I’ve met more than a few charismatic people in business, ranging from the wellknown, like Steve Jobs and Mitch Kapor of Lotus 1-2-3 fame, to the lesser known, like the late Wayne Oler, President of Addison-Wesley Publishing Company. So it was with great interest that I read The New York Times article today entitled What Makes People Charismatic, and How You Can Be, Too, sub-titled Simple tips to break through your social anxieties and make real, genuine connections with others.

Despite author Bryan Clark’s having talked to a couple of experts I find myself disagreeing with his thesis at charisma is a learned behavior and “you can learn it, too!”

The four aspects of charisma I’ve found are a high degree of self-confidence, extreme focus on the individual, enthusiasm, and strong communication skills.

Self-confidence

It’s difficult to say if people who are supremely self-confident are successful because of that self-confidence or self-confident because they  have been highly successful. I would go for the former, as I knew Mitch Kapor well before he formed Lotus Development Corporation and rose to fame in the personal computer industry. He was charismatic long before he became a mega-success. While my sample size is small, I’ve yet to find anyone who I would call charismatic who is not also a success. As a friend who worked at Apple used to say of Steve Jobs and others like him, “Never wrong, seldom in doubt.” And while I’ve never yet met Donald Trump what I’ve read of him is that he can be extremely charismatic in person in small, intimate groups. He certainly doesn’t lack for self-confidence.

Focus and attention

The second characteristic I’ve observed amongst the charismatic is a laser-like focus on the individual, whether listening intently or speaking. People like Steve Jobs and Wayne Oler made me feel like I was the only person in the room, despite the fact that there were several others – and one of higher status – in the room when Jobs visited my department at MIT. Extreme focus means shutting out all external and internal distractions, making it far easier to focus one’s entire attention on the individual they are talking with. (This is the exact opposite of the attitude of many of the rock stars I’ve met who always gave the the impression they were scanning the audience looking for someone more important than I to talk with.) I do believe one could be trained to at least emulate this aspect of charisma, but there is more to it than eye contact – though that’s important – there are doubtless many non-verbal cues entailed. The most simple example is people show engagement and attention by leaning forward. The tend to demonstrate lack of engagement by leaning back. I’d love to see Carmine Gallo, who has studied Steve Jobs’ keynote presentations in depth, to analyze his non-verbal cues given in the many videos of Steve. One does have to be careful not to let extreme self-confidence morph into arrogance, a situation not unknown by people who worked with Steve Jobs. While charismatic people may have an agenda with you, they hide it completely as part of their ability to focus their attention extraordinarily well.

Enthusiasm

I’ve yet to meet a charismatic person who lacks enthusiasm. In fact people like Steve Jobs take enthusiasm to the next level, appearing messianic about their products or causes. If you have read this far it may occur to you that charismatic people make good sales people. Certainly Steve Jobs was known as a great sales person. And I’ve yet to meet a successful sales person who didn’t evince a high level of enthusiasm for their products. The dictionary definition includes three important elements of enthusiasm: intense and eager enjoyment, interest or approval. Charismatic people tend to be overwhelming positive. That positivity is exhibited in an appearance of kindness and acceptance. And that positive attention can be uplifting to anyone who falls beneath its spell.

High verbal skills

Dr. John Antonakis, a professor of organizational behavior at the University of Lausanne in Switzerland, does a good job of explaining this aspect of charisma:

The most charismatic people in a room, he says, are those who speak metaphorically, providing substance to a conversation through exemplary use of anecdotes and comparisons. They aren’t recounting events but paraphrasing action while using facial gestures, energetic body language and vocal inflections to frame key points. They’re experts at using moral conviction and reflections of group sentiment, as well as employing questions, even rhetorical ones, that keep people engaged. In short, they just tell a good story.
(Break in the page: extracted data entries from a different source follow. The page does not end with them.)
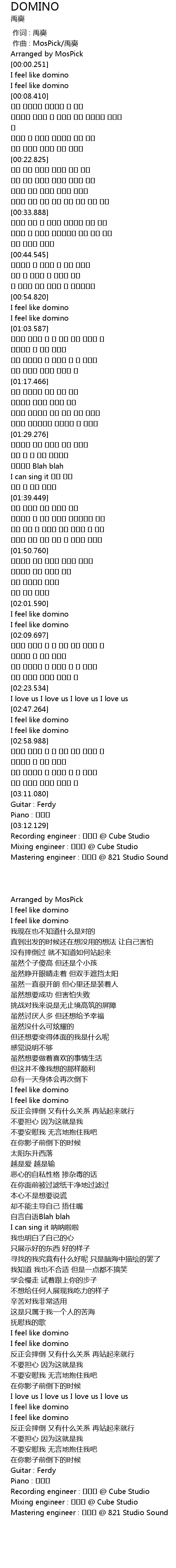 | [00:00.501] | I feel like domino |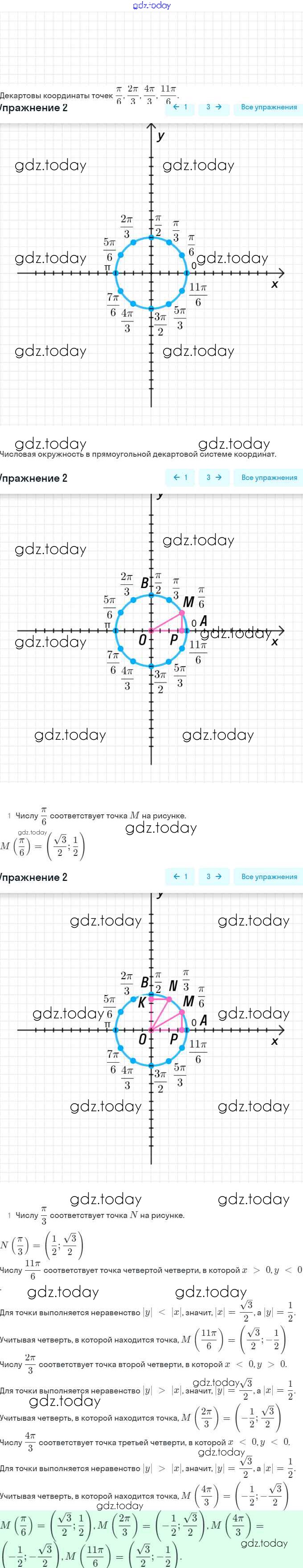 Ответы к Решение. §12. Числовая окружность на координатной плоскости 2 Учебнику по Алгебре для 10 класса Мордкович, Семёнов Базовый и углубленный уровень Мнемозина 2017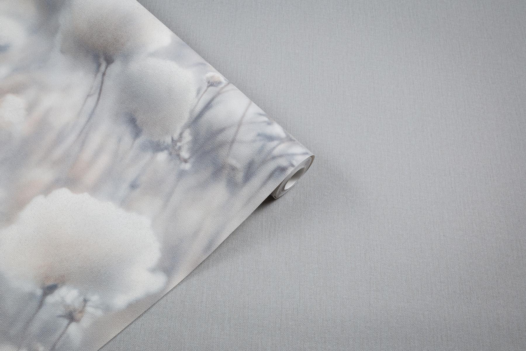 Воздушные соцветия хлопка, окутанные туманной дымкой, наполняют интерьер домашним уютом. Теплый пушистый мотив дышит нежностью летнего утра. Многоплановый рисунок Cottonia отрисован с фотографической точностью и создает эффект единого панно.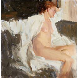 Artist: Cyrus Afsary | b. 1940 NAWA, NWR, OPA Title: Cynthia Signed l/l: Cyrus Afsary Medium: Oil on linen Dimensions: 20 by 16 inches Condition: V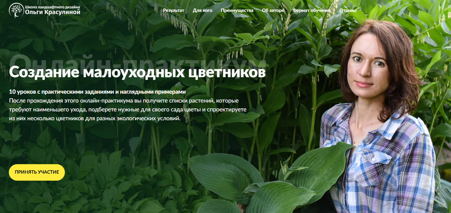 После прохождения этого онлайн-практикума вы получите списки растений, которые требуют наименьшего ухода, подберете нужные для своего сада цветы и спроектируете из них несколько цветников для разных экологических условий.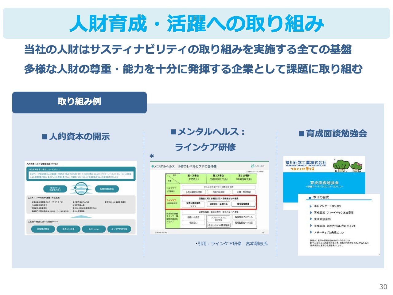最後に、荒川化学グループのサスティナビリティへの取り組みについてご紹介します。当社は、経営理念に基づき、持続可能な成長の実現を目指して社会課題に対応するため、さまざまな取り組みを進めています。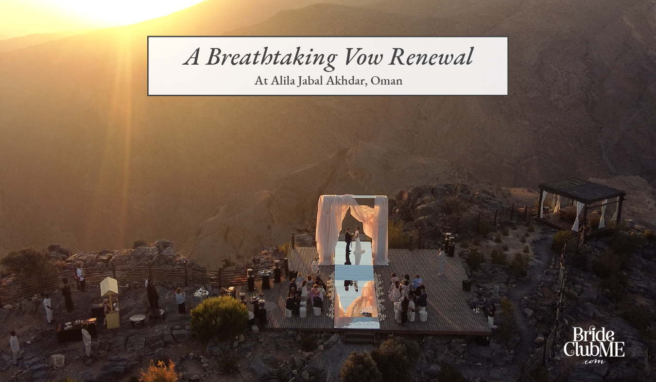 At Bride Club Me, we’re endlessly inspired by weddings that challenge tradition, celebrate meaningful design, and showcase extraordinary destinations across the region and beyond. This vow renewal at Alila Jabal Akhdar is a beautiful reminder that when the setting is powerful enough, less truly becomes more.
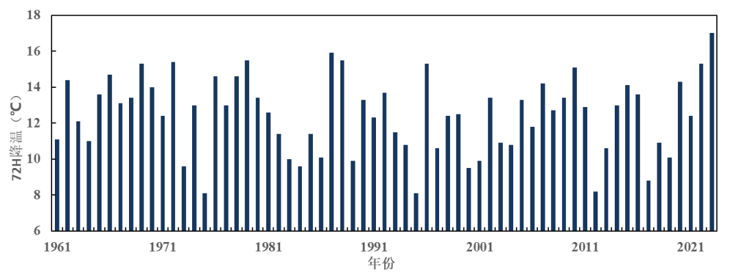 1961-2023年上海市区(徐家汇站)日平均气温72小时最大降幅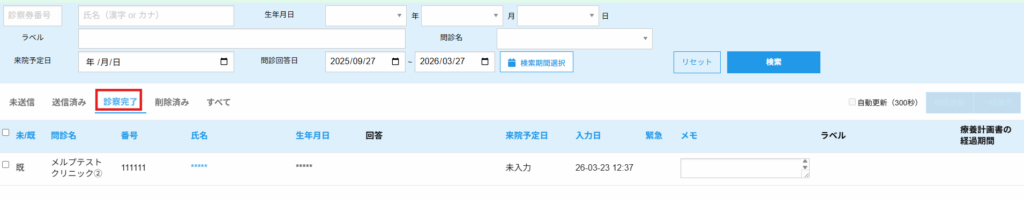 「診察完了」⇒問診ステースタスを「診察完了」へ手動で変更してから○○分後に送信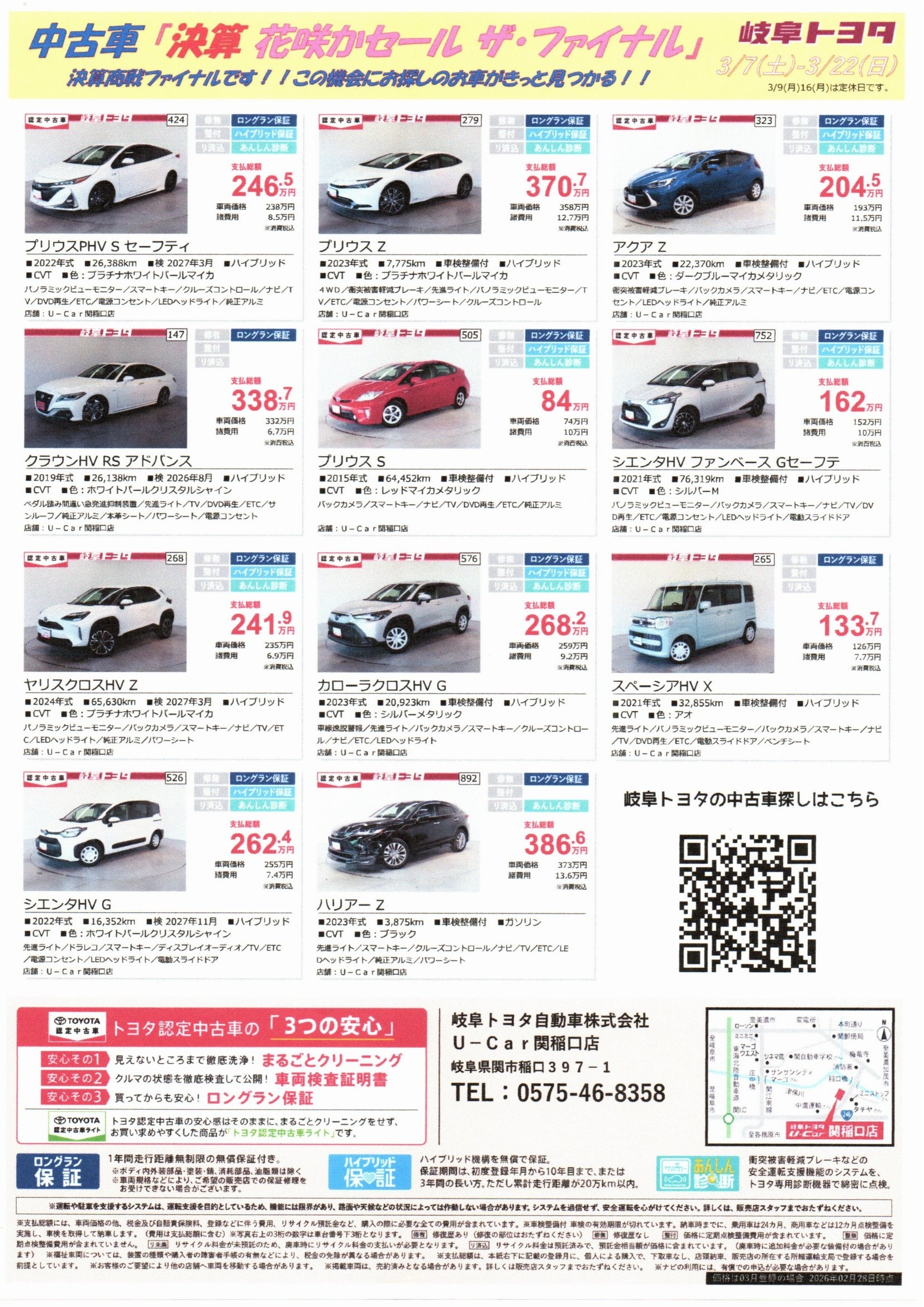 中古車 🌸🌸『決算 花咲かセール THE FINAL』🌸🌸 U-Car関稲口店

Story telling can be learned, however it is far more difficult to learn speak metaphorically, using analogies, anecdotes, and metaphors. And while many  charismatic leaders have a great sense of humor, I don’t believe it is necessary to be charismatic.

If you believe that charisma can be learned then by all means read the full Times article.  You can even buy a book on the subject, The Charisma Myth by Olivia Fox Cabane, one of the experts quoted at length in the article. But I don’t think charisma can be learned anymore than a sense of humor can be acquired. But there are certain tricks those who wish to gain our attention employ, such as the way sales people will use your first name in every other sentence. People can emulate certain aspects of charisma but like natural athletes charisma is born, not made, in my experience.

 

 

Is trust busted?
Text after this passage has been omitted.